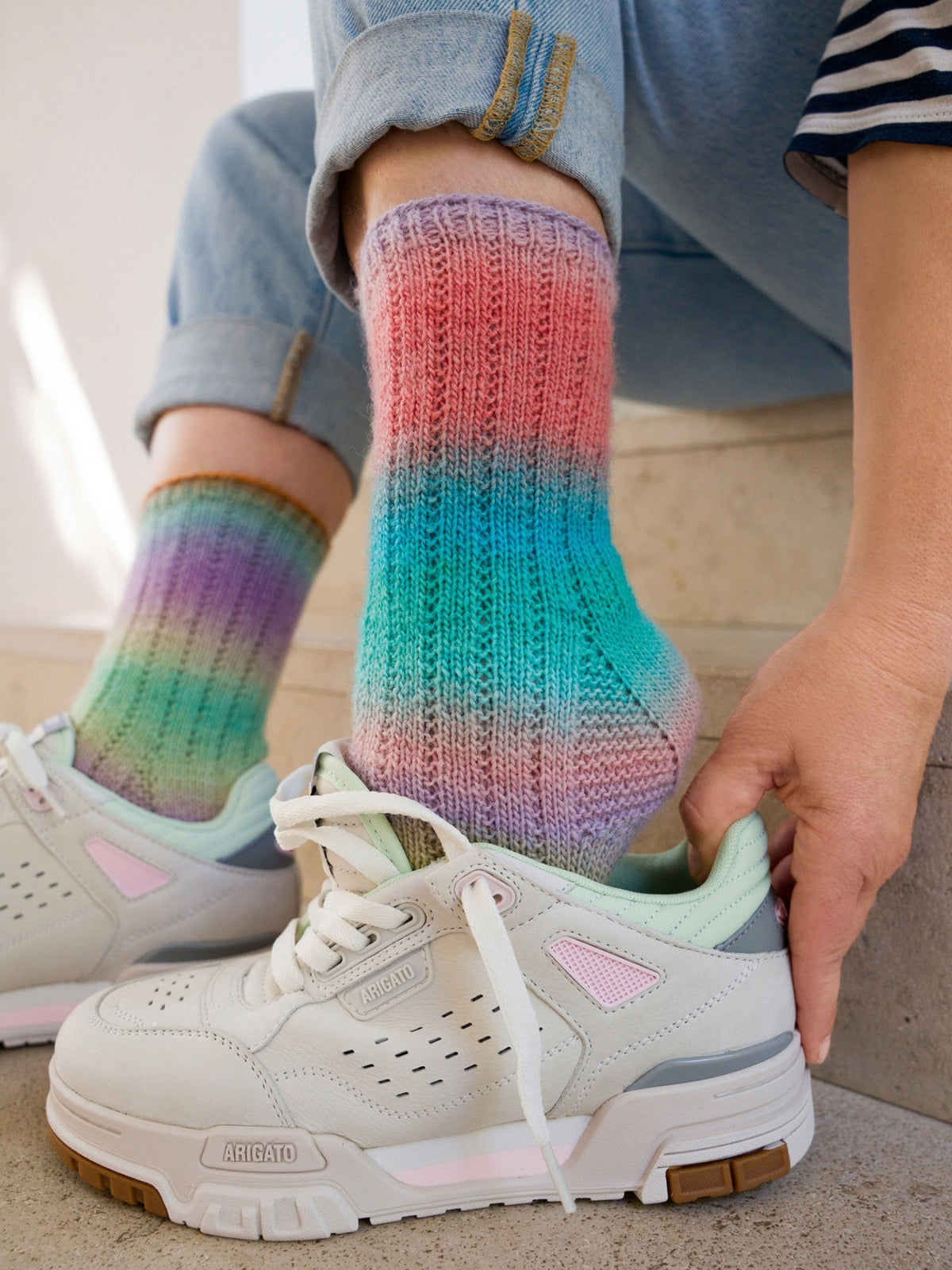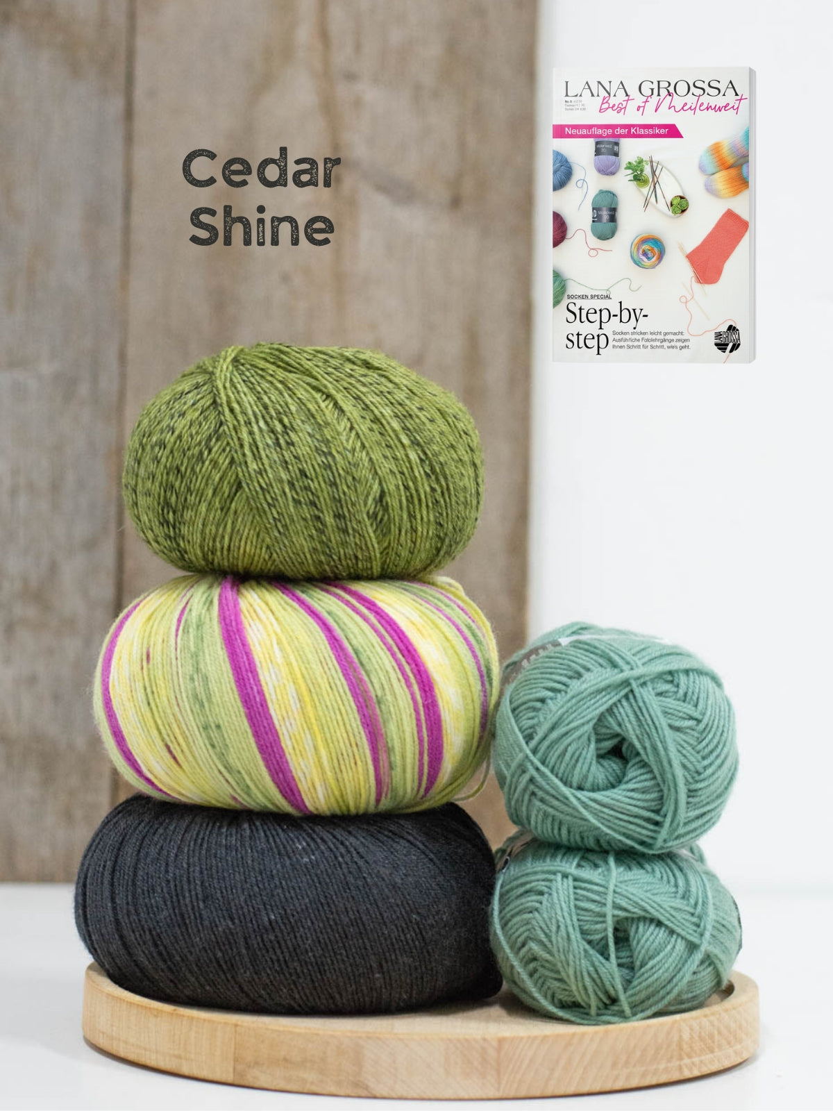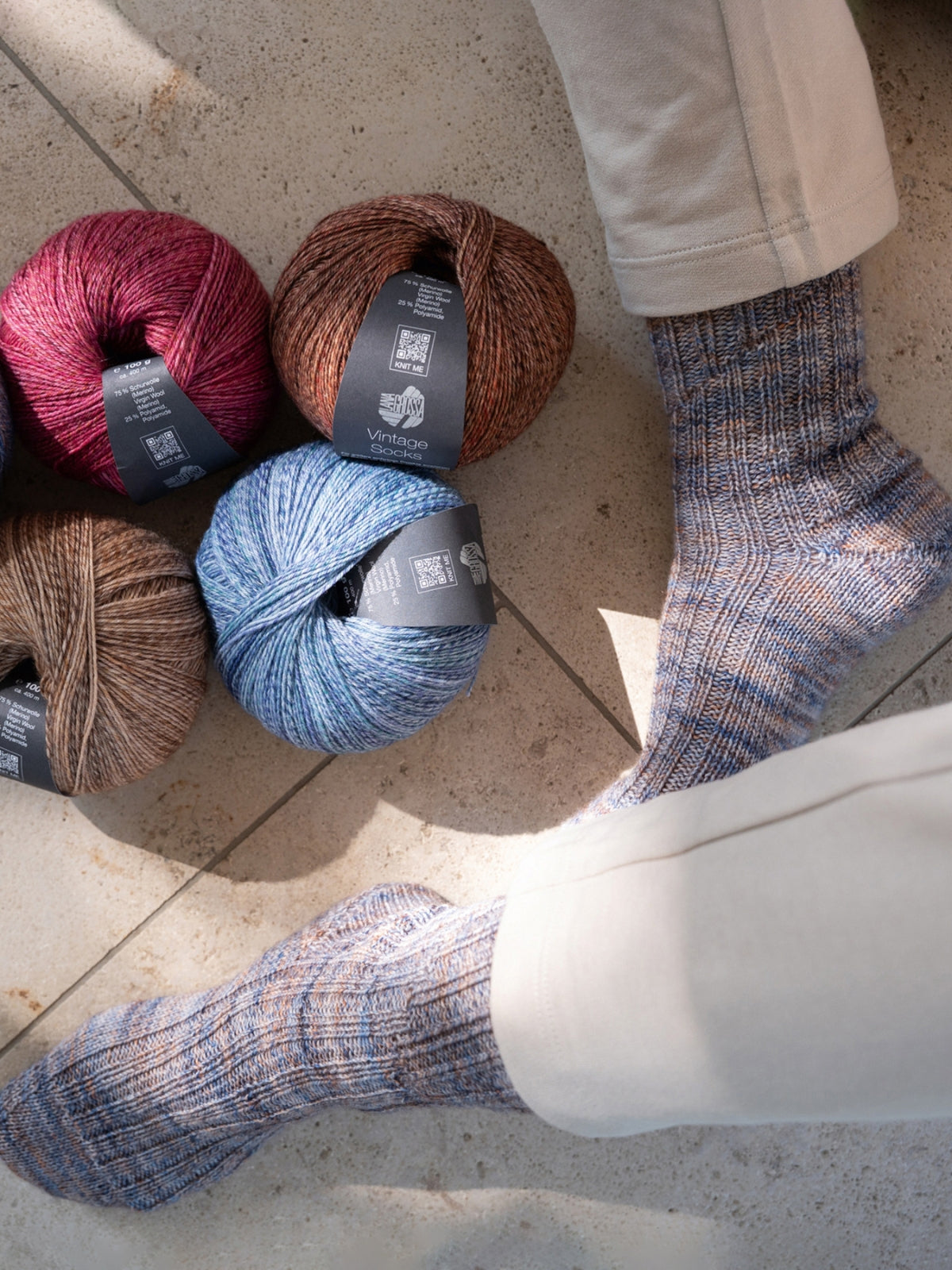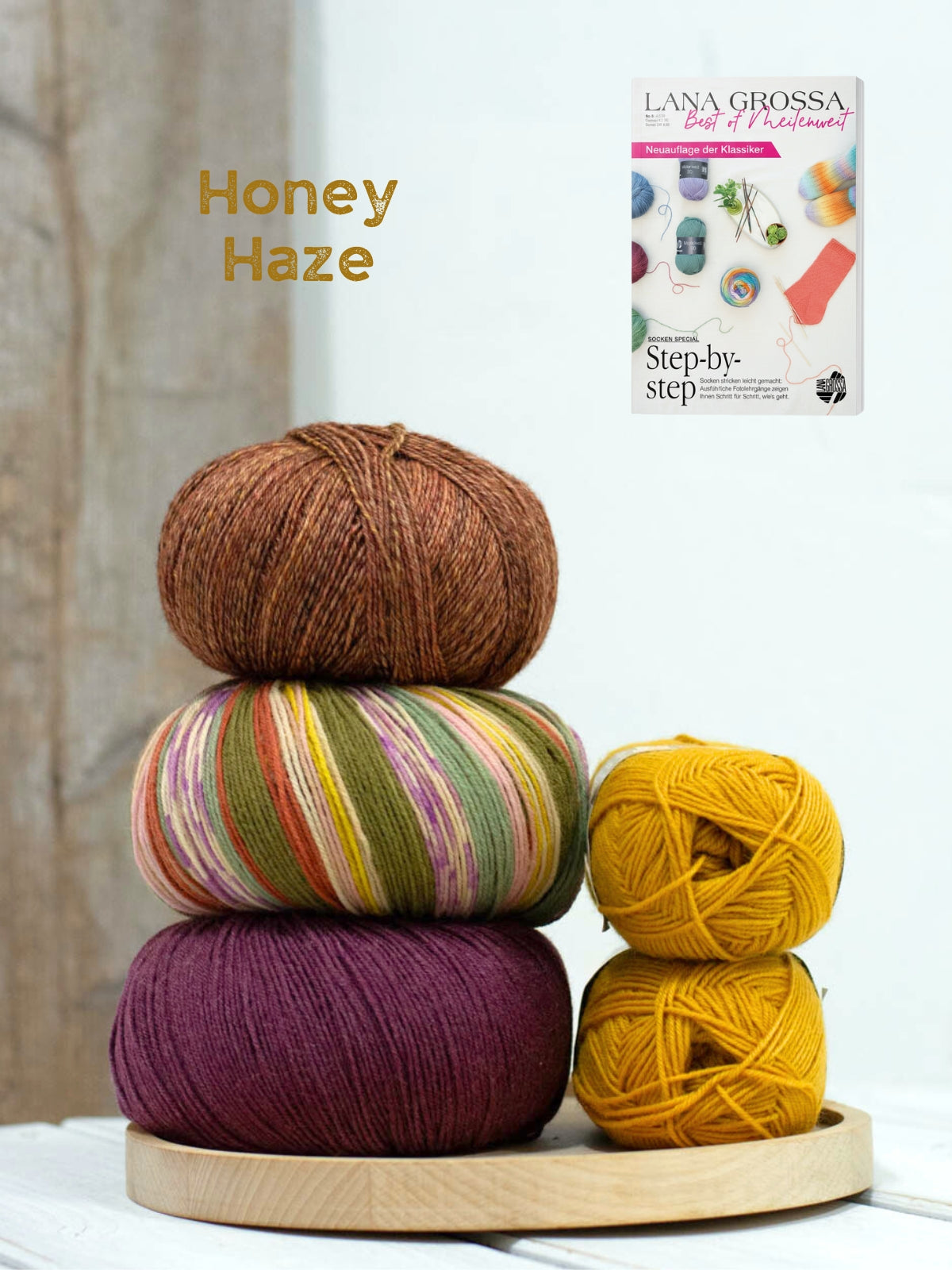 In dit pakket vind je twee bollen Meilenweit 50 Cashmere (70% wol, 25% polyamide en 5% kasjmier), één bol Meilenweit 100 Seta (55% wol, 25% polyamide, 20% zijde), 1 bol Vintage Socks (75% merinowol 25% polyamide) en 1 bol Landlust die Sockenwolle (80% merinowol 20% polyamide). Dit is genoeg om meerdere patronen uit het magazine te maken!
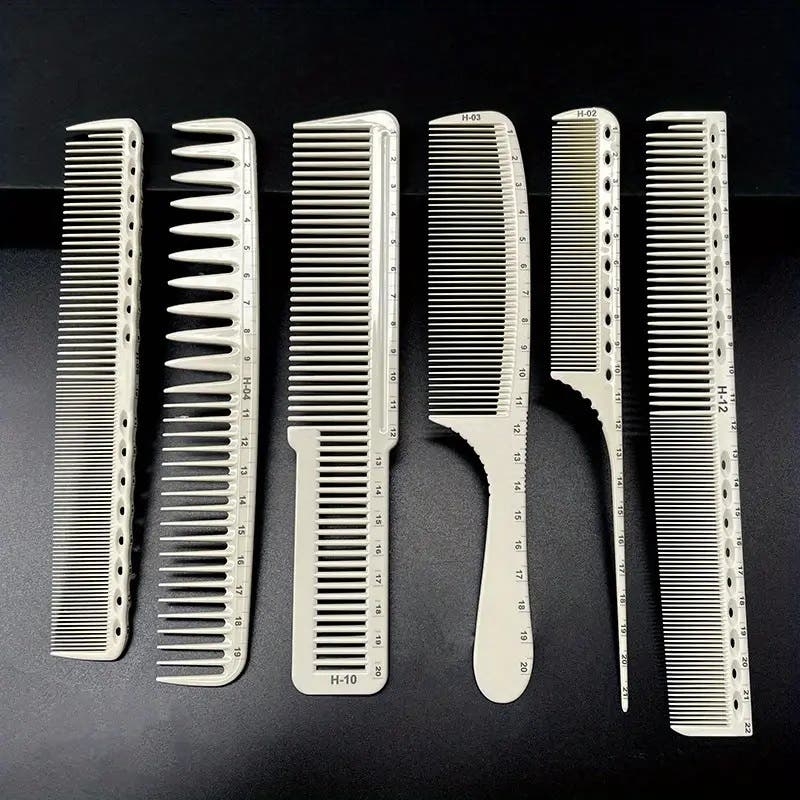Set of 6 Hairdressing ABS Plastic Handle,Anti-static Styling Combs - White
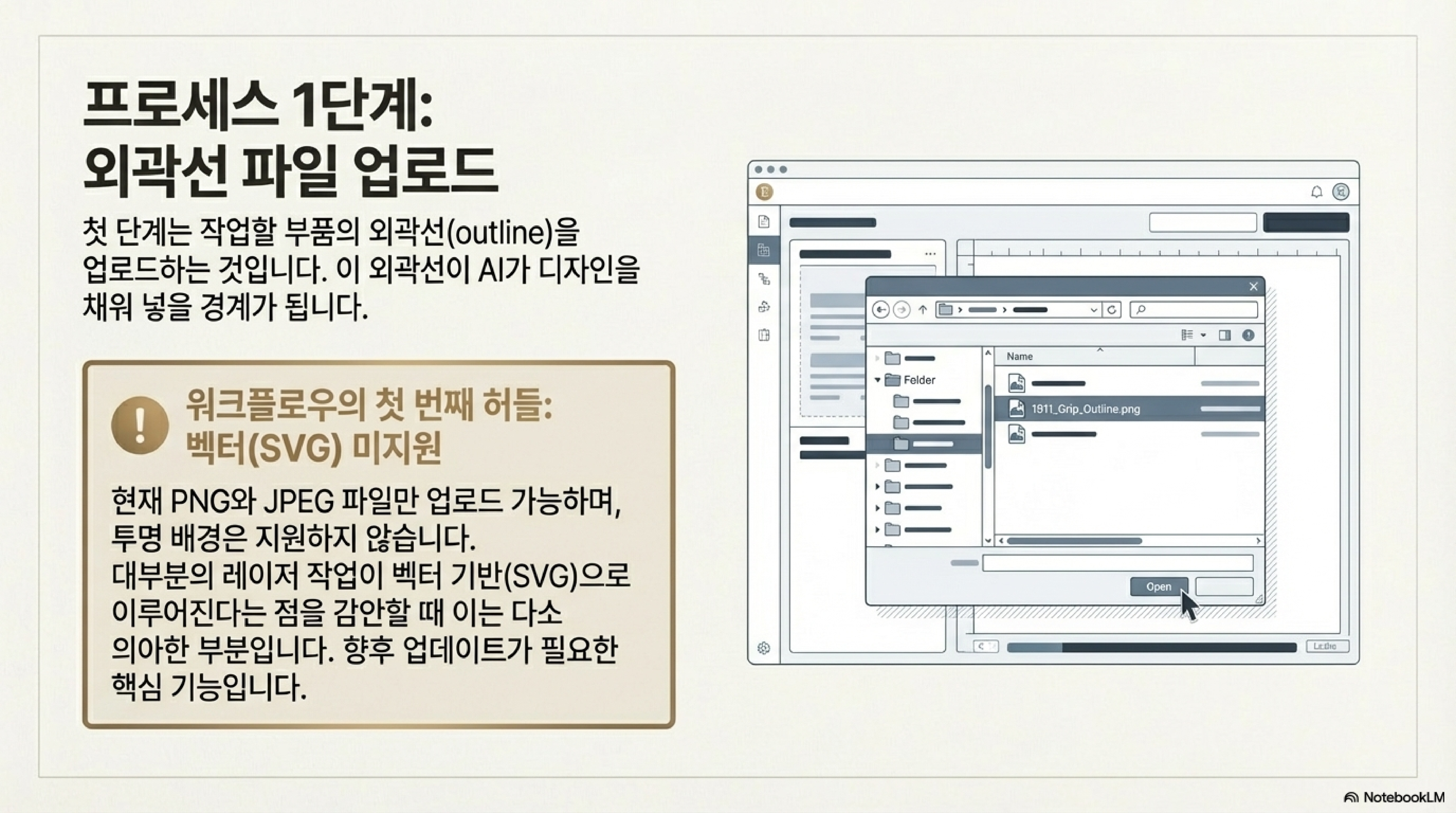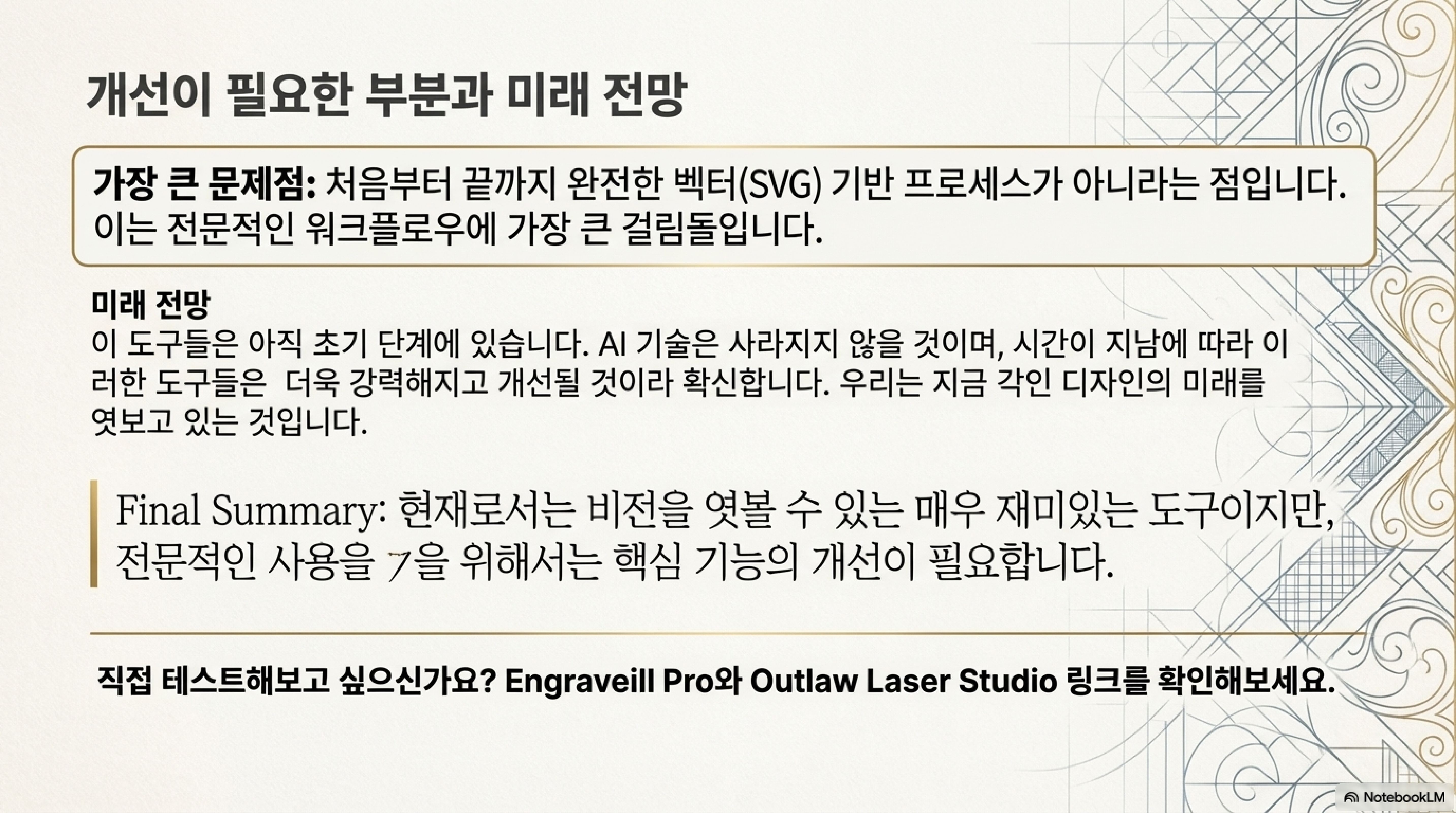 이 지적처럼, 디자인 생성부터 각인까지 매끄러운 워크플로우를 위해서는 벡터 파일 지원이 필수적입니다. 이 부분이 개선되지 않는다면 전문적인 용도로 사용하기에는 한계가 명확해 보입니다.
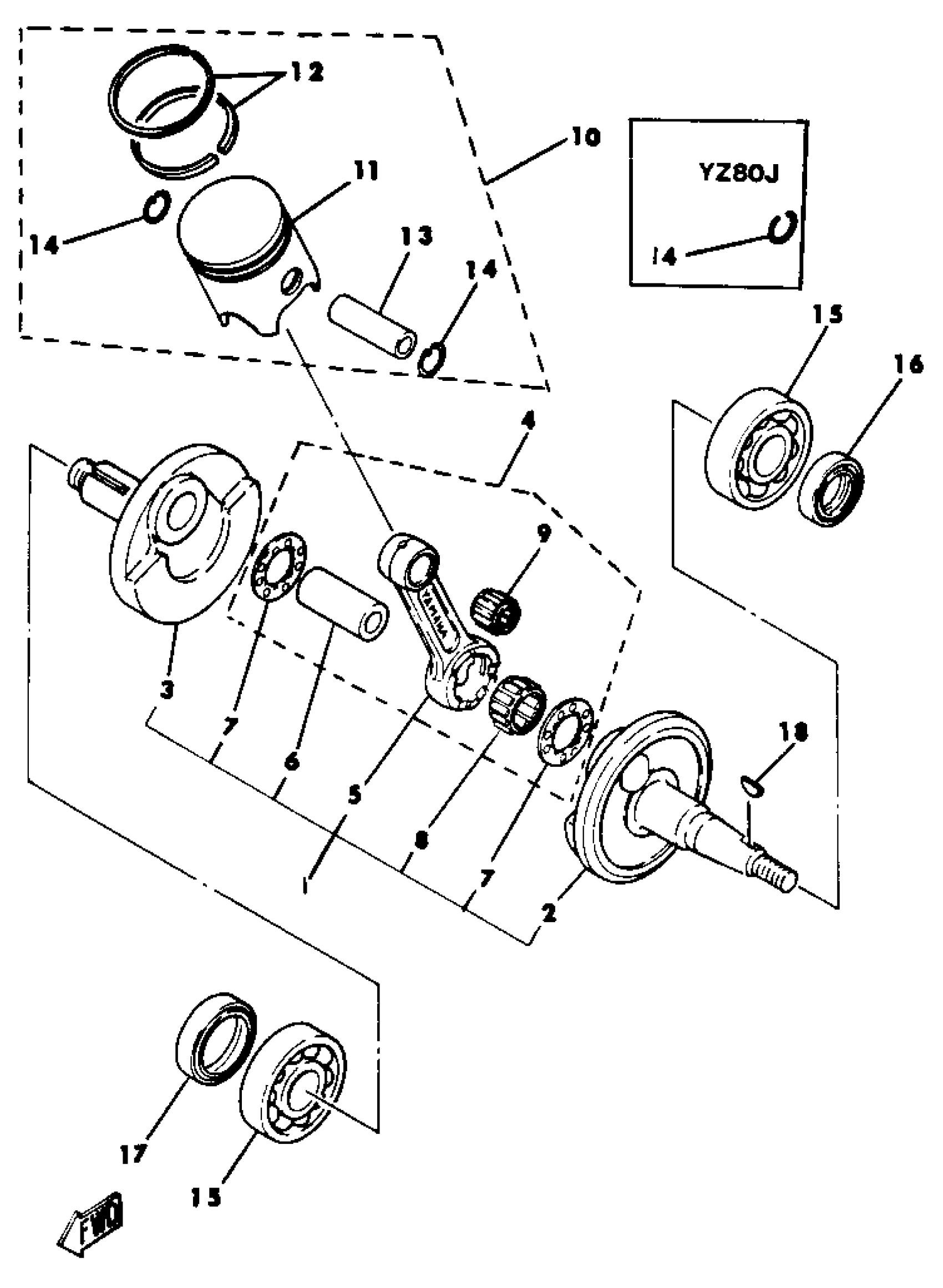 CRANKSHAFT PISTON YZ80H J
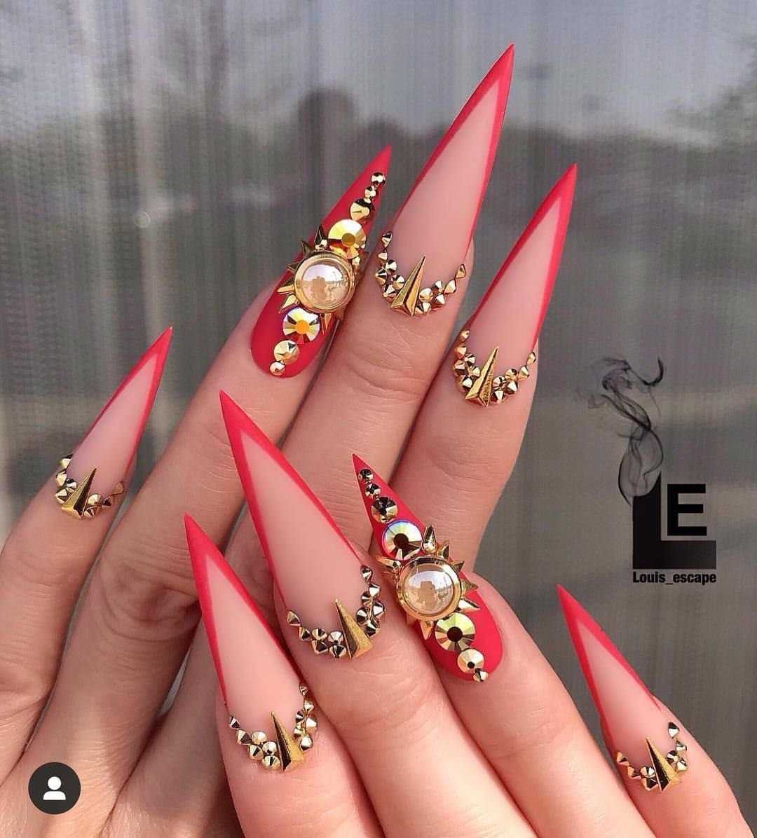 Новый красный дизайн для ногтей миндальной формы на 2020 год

*Work to complete*
With pictures left out, print the lines of the material above from the line containing "CRANKSHAFT PISTON YZ80H J" through its last line, exactly and nothing more.

*Task output*
 CRANKSHAFT PISTON YZ80H J
 Новый красный дизайн для ногтей миндальной формы на 2020 год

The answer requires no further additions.